__ASSIGNED TASK__. The listing below holds pictures; exclude them. Return exactly the lines from the one with "駅周辺は閑散としていたけど、" through the one with "Ticket Office inside".

__INPUT DATA__.
'''
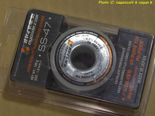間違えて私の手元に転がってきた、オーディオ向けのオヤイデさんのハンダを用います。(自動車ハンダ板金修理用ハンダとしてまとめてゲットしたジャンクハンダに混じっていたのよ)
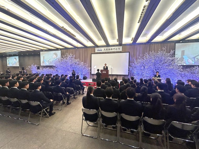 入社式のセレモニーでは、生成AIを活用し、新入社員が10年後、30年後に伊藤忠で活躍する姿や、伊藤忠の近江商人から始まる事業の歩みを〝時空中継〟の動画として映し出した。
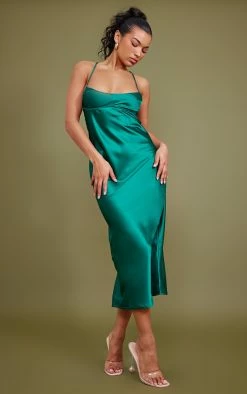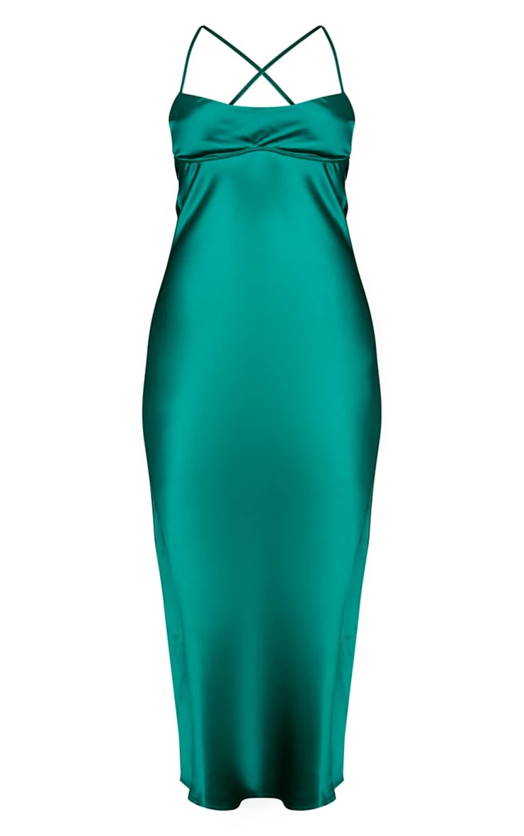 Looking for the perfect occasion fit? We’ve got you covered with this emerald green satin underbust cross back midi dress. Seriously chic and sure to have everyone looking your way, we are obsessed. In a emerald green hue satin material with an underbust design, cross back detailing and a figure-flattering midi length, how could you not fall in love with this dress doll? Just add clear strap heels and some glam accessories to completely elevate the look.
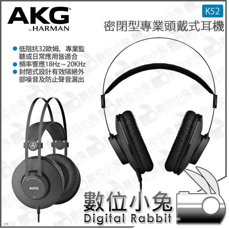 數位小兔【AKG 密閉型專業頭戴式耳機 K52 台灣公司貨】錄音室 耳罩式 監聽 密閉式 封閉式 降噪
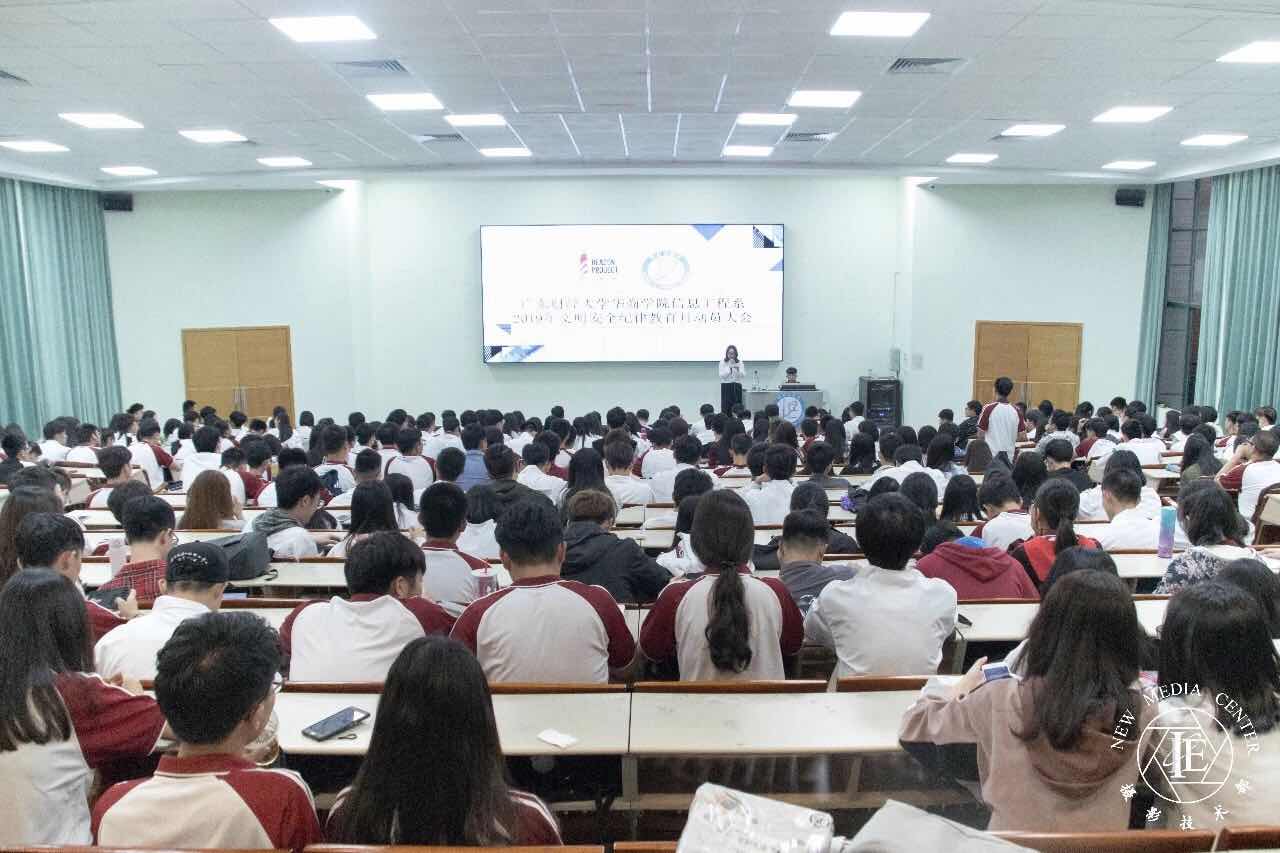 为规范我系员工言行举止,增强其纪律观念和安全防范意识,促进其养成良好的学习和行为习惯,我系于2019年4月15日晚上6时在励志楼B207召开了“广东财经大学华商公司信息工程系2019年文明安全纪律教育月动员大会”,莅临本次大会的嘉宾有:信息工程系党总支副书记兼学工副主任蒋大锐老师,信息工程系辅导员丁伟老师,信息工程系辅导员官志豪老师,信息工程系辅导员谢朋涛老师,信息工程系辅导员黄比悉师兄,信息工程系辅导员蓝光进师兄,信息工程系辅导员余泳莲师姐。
'''
'''
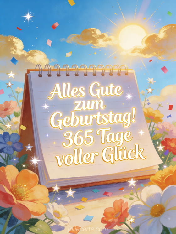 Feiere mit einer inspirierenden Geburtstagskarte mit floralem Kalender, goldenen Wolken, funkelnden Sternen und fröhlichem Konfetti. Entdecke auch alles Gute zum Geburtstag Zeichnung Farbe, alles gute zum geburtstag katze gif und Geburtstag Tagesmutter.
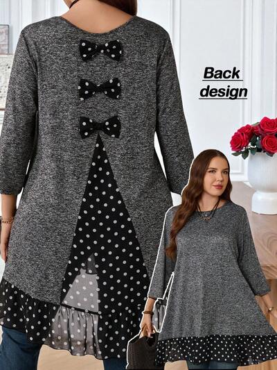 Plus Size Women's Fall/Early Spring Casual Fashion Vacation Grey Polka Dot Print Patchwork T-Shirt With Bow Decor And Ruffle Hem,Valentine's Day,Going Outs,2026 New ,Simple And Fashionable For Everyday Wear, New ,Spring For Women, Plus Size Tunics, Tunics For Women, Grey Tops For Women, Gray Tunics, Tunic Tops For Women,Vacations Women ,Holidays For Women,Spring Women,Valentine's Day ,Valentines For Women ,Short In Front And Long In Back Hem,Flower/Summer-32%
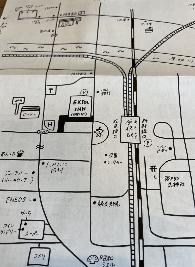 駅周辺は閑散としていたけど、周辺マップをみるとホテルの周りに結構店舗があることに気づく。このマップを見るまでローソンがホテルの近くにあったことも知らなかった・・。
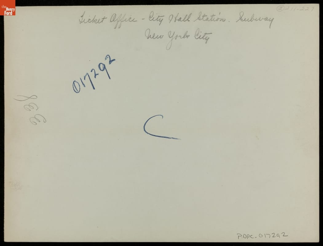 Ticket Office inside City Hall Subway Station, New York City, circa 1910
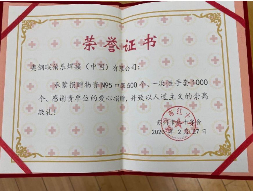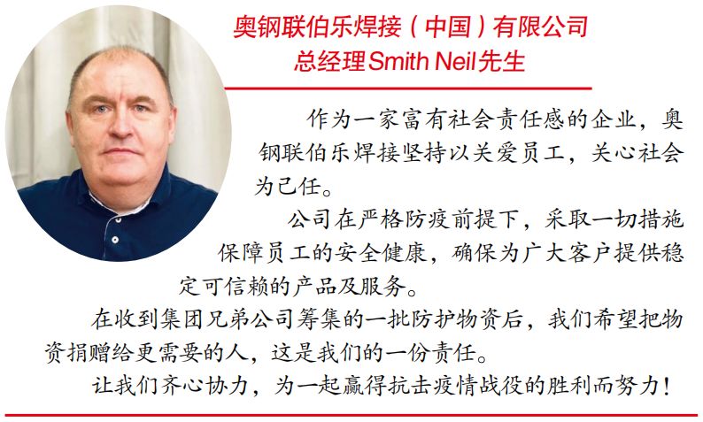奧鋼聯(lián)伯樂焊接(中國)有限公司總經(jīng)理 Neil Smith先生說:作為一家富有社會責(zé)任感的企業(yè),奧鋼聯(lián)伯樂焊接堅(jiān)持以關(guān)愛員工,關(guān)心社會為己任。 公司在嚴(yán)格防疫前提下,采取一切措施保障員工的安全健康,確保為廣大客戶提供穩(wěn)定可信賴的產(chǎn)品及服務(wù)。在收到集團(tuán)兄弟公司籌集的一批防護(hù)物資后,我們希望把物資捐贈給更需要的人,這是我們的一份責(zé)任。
'''
'''
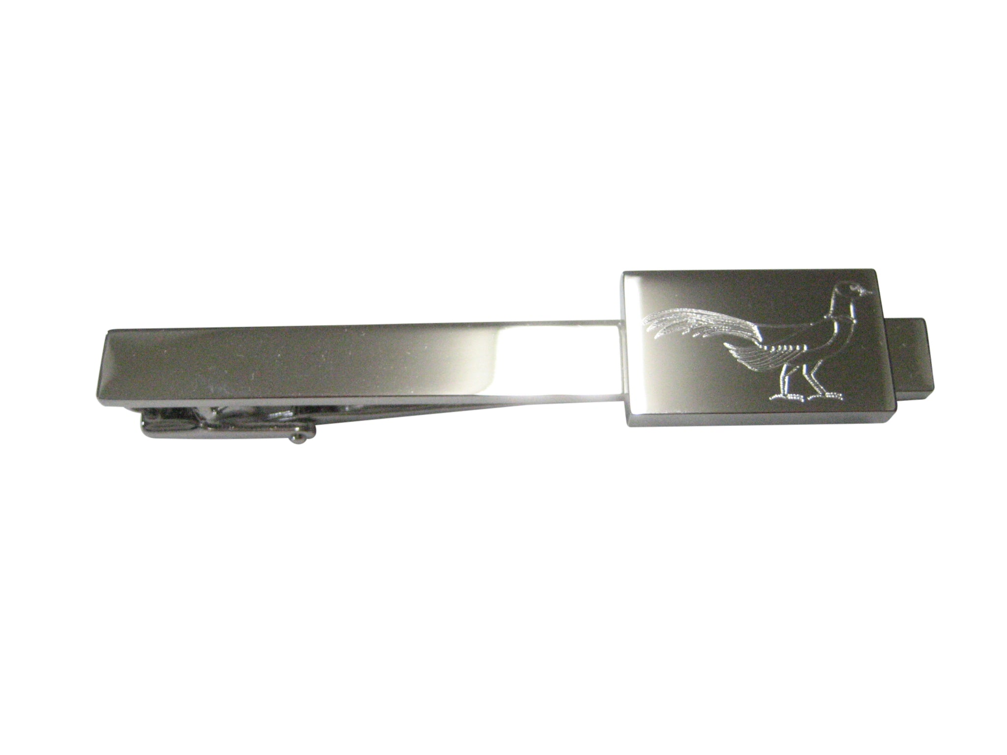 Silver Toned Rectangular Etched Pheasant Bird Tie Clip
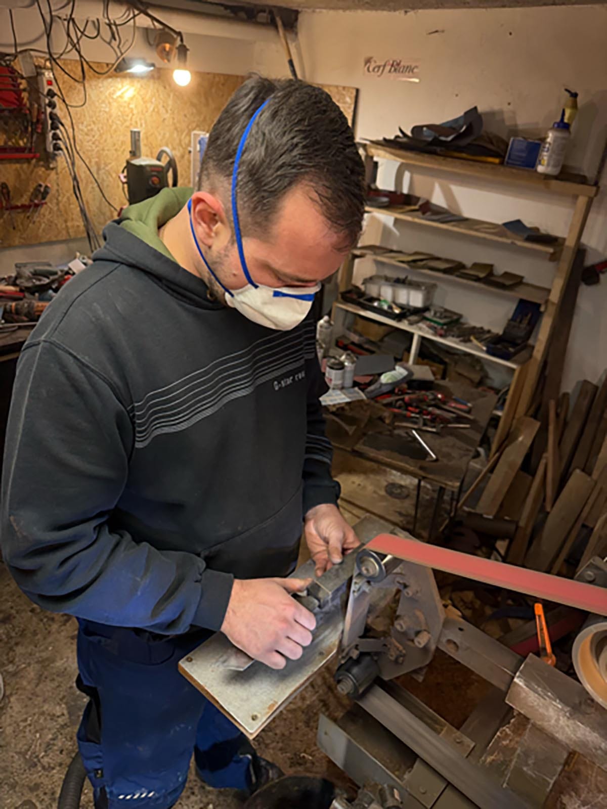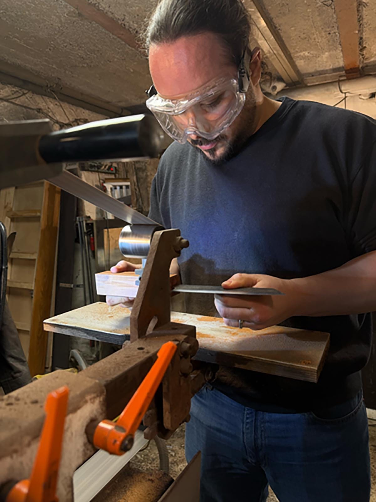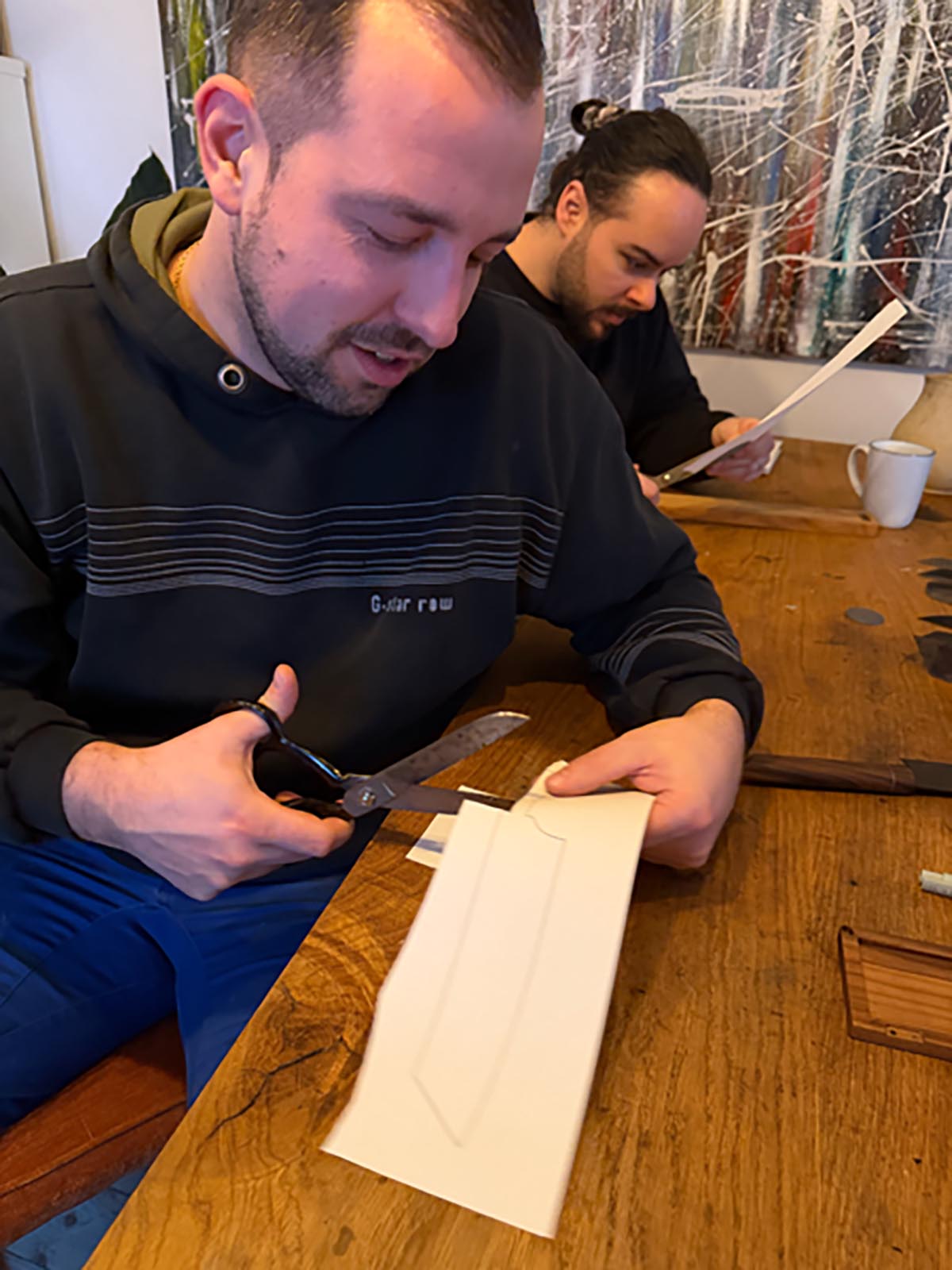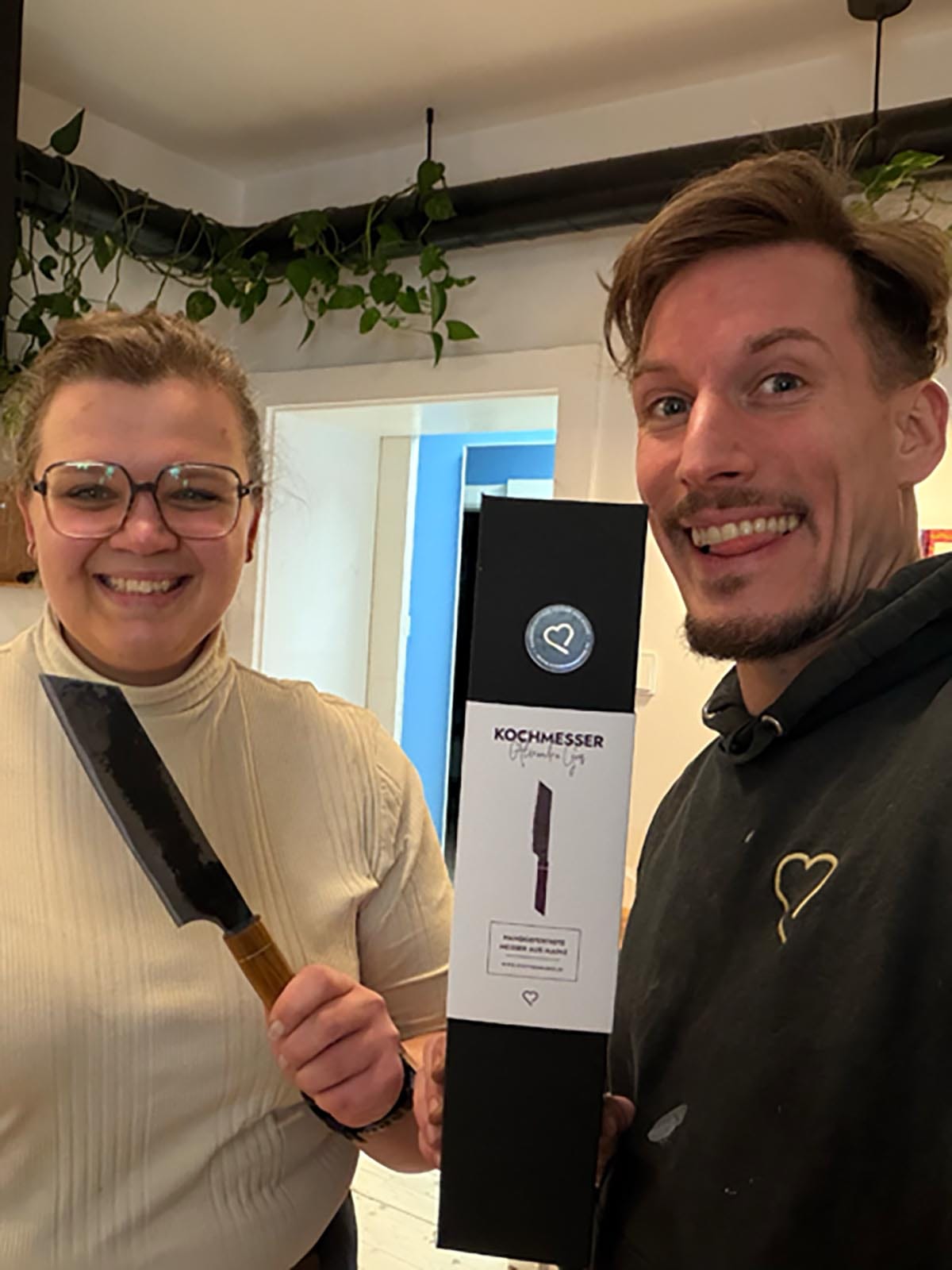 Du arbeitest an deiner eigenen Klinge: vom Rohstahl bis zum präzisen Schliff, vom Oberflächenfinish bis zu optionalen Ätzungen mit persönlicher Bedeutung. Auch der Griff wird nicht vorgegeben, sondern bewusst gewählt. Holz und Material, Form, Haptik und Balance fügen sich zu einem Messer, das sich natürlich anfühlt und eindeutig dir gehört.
'''
__ANSWER SECTION__.
 駅周辺は閑散としていたけど、周辺マップをみるとホテルの周りに結構店舗があることに気づく。このマップを見るまでローソンがホテルの近くにあったことも知らなかった・・。
 Ticket Office inside City Hall Subway Station, New York City, circa 1910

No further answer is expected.